En France, cinq mille emplois liés à l’apiculture sont menacés. Les firmes phytopharmaceutiques qui fabriquent les pesticides chimiques se disent injustement spoliées depuis 2 ans par l’interdiction du Régent et du Gaucho alors que les abeilles continuent de mourir. Quand on sait que le secteur représente 31 milliards d’euros de chiffre d’affaire, on comprend leur intérêt à faire pression pour remettre leurs produits sur le marché, en s’appuyant sur études leur étant favorable comme le récent rapport de l’Efsa (l’Autorité européenne de sécurité des aliments) dédouanant le fipronil.
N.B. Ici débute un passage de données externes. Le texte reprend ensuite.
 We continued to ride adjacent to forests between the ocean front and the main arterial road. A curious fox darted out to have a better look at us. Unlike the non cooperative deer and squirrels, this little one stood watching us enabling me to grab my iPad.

Mais c’est là que le politique doit jouer pleinement son rôle. Face à des intérêts clairement identifiés comme peuvent l’être ceux des industriels phytosanitaires ou ceux des apiculteurs et des intérêts plus complexes (comment chiffrer économiquement de manière précise l’importance de la préservation de la biodiversité ?), les responsables politiques doivent prendre leur part de responsabilité et agir dans le sens de l’intérêt commun.
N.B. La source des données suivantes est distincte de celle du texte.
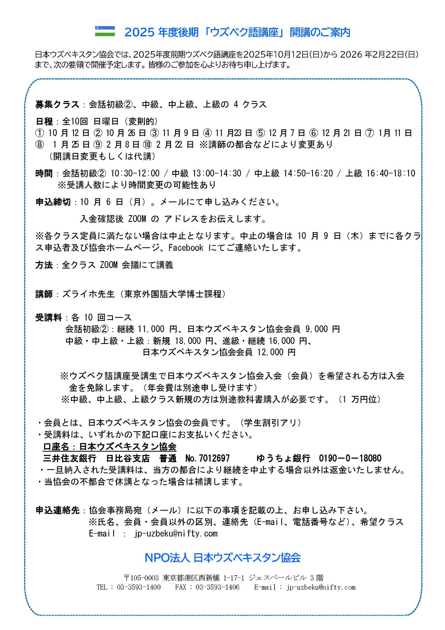 こうした舞鶴市の取り組みを知り,最近,有難いことに,ふるさと納税をウズベキスタンとの交流事業に活用してほしいという声をいただいていることから,先ずはNoriko学級で学びながらも経済的に困難な学生の人材育成のために,この貴重な財源を充てることとし,全国の方々に向け広く寄付を募ることといたしました。早速ではございますが,パンフレットを作成いたしましたので,ご一読いただき,皆様方のご理解・ご協力を賜れれば幸甚でございます。

Selon une étude internationale menée sur 115 cultures et dans 200 pays par des équipes de France, d’Allemagne, des États-Unis et d’Australie, les trois quarts des cultures sont pollinisées majoritairement par les insectes. Seules 25 % des cultures n’en dépendent pas du tout, principalement des céréales comme le blé, le maïs et le riz. Au total, c’est 35 % de la production mondiale de nourriture qui provient de cultures dépendant de la pollinisation par les insectes.

Einstein disait il y a cinquante ans : « Si l’abeille disparaissait du globe, l’homme n’aurait plus que quatre années à vivre. » L’enjeu nous paraît suffisamment important pour que tous les moyens soient mis en œuvre afin de sauver les populations d’abeilles.

La mise en place rapide d’une commission d’enquête nous apparaît donc nécessaire pour faire la lumière sur les causes du syndrome d’effondrement, sur les insuffisances des politiques publiques mise en place pour y remédier, et sur les pistes à envisager pour inverser la tendance.

Sous le bénéfice de ces observations, nous vous demandons, Mesdames et Messieurs, d’adopter la proposition de résolution suivante.

PROPOSITION DE RÉSOLUTION

Article unique

En application des articles 140 et suivants du Règlement, est créée une commission d’enquête de trente membres relative au syndrome d’effondrement des colonies d’abeilles.

Elle devra notamment :

– Étudier l’ampleur de la surmortalité des abeilles en France ainsi que l’évolution de ce phénomène ;

– Déterminer les responsabilités de cette surmortalité et l’interaction entre les causes possibles ;

– Évaluer les politiques publiques menées en France pour lutter contre cette surmortalité et les comparer avec celles menées en Europe et aux États-Unis notamment ;

– Définir les outils à développer pour œuvrer efficacement à la préservation des populations d’abeilles en France ;

– Préconiser des mesures pour la relance de l’apiculture, la consolidation des structures de développement et de soutien aux exploitations apicoles.